Liquid-phase deposition functionalized wood sponges for oil/water separation

Abstract

Due to frequent industrial wastewater discharge and oil spills, there is a need to develop sustainable and efficient absorbents and treatment methods. Herein, based on the unique microstructure of wood and functional requirements, super-hydrophobic, recyclable, and renewable wood sponges (SHWSs) with an ultralight density (35.4 mg cm−3) and high porosity (98.68%) were prepared from anisotropic natural balsa wood via a scalable and sustainable silanization reaction using liquid-phase deposition (LPD). The super-hydrophobicity of the SHWSs (contact angle\u2009=\u2009159.2°) was due to the formation of polysiloxanes on the surface via silanization. The internal contact angle (CA) reached 137.2°, which was attributed to the uniformity of LPD. The SHWSs exhibited a high absorption capacity for various organic solvents and oils (23–60 g g−1) and reusability, allowing it to reach a contact angle of 150.8° and an absorption capacity of 52 g g−1 for CCl4 after 50 absorption cycles. The SHWSs also showed excellent super-hydrophobicity under acidic, alkaline, and saline conditions, as well as in hot water, demonstrating their excellent durability.

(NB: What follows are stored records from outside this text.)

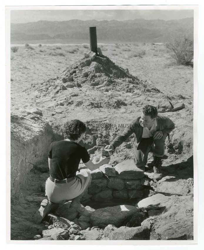 Label on reverse: Two Death Valley visitors sample the water at Stove Pipe Wells. They didn't like it. Photo 1934.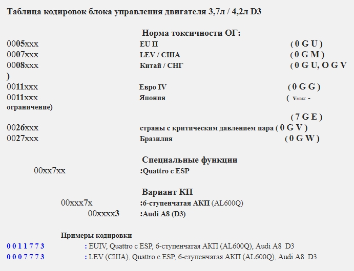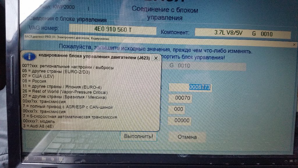 Ребята купил машину а8д3 4.2фси отключеные лямбды после катов , из выхлопа воняет бензой , расход город 33 спокойной езды трасса 10 при 120 км ч , ошибок на панэли нету , шнурка ещё не приобрёл , едет очень резво !!! Я так думаю она уже бескатовая и под евро 2 прошита и по моему некачественно , где можна посмотреть прошивку номер или название ? Прогревочные обороты есть!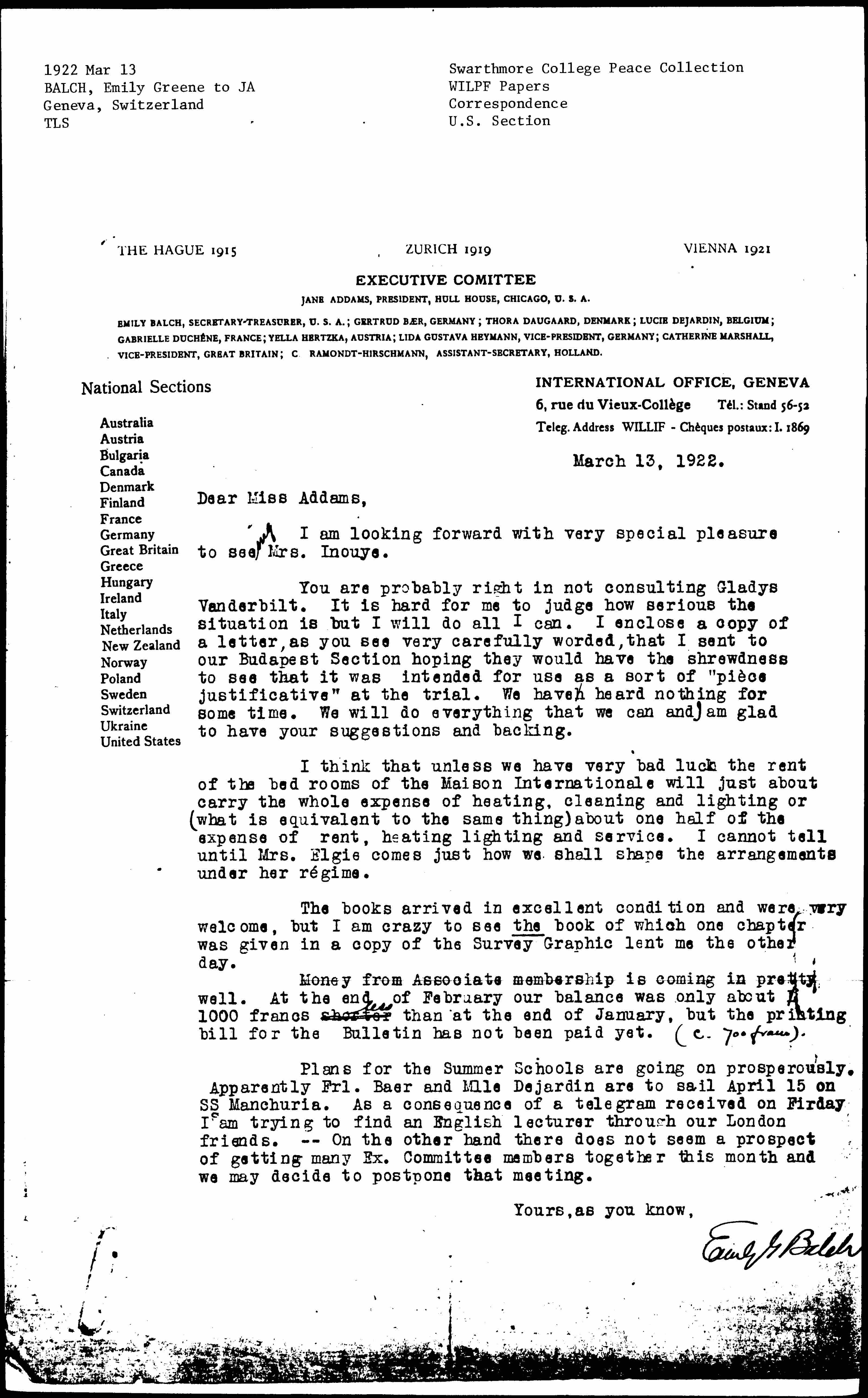 Emily G Balch [signed]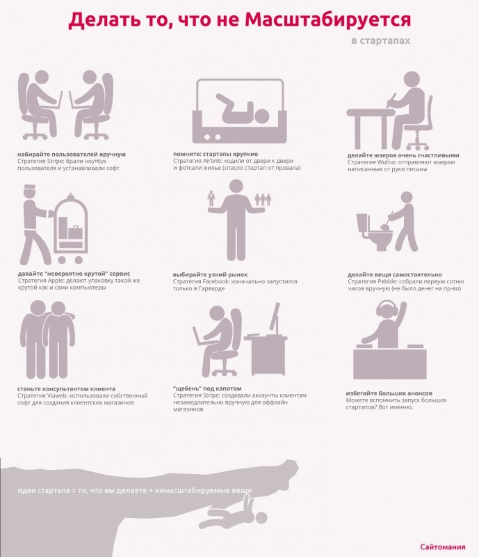 Каждый стартап нуждается в пользователях. Если вы уже работающий стартап, то будете делать все, чтобы получить клиентов: ходите к ним в дома, как миссионер, сидите с ними и помогаете создавать или настраивать свой сервис на их компьютере. Что делают люди, которые «играют в стартап»? Они отправляют вам ссылку на свой сервис. Оба вариант похожи на получение клиентов, за исключением того, что в первом варианте вы в буквальном смысле заставляете пользоваться сервисом, в то время как во втором варианте люди просто отправляют ссылку в надежде что пользователи остальные шаги сделают самостоятельно. Как думаете, какой вариант наиболее эффективный?

A continuous oil/water separation device was made by using the SHWSs, which showed a high separation efficiency, with a flux rate of up to 72.8 L h−1 g−1. This green strategy for treating natural balsa wood with LPD provides a scalable way to produce sustainable oil/water separation materials while also developing high-value-added applications of natural balsa wood.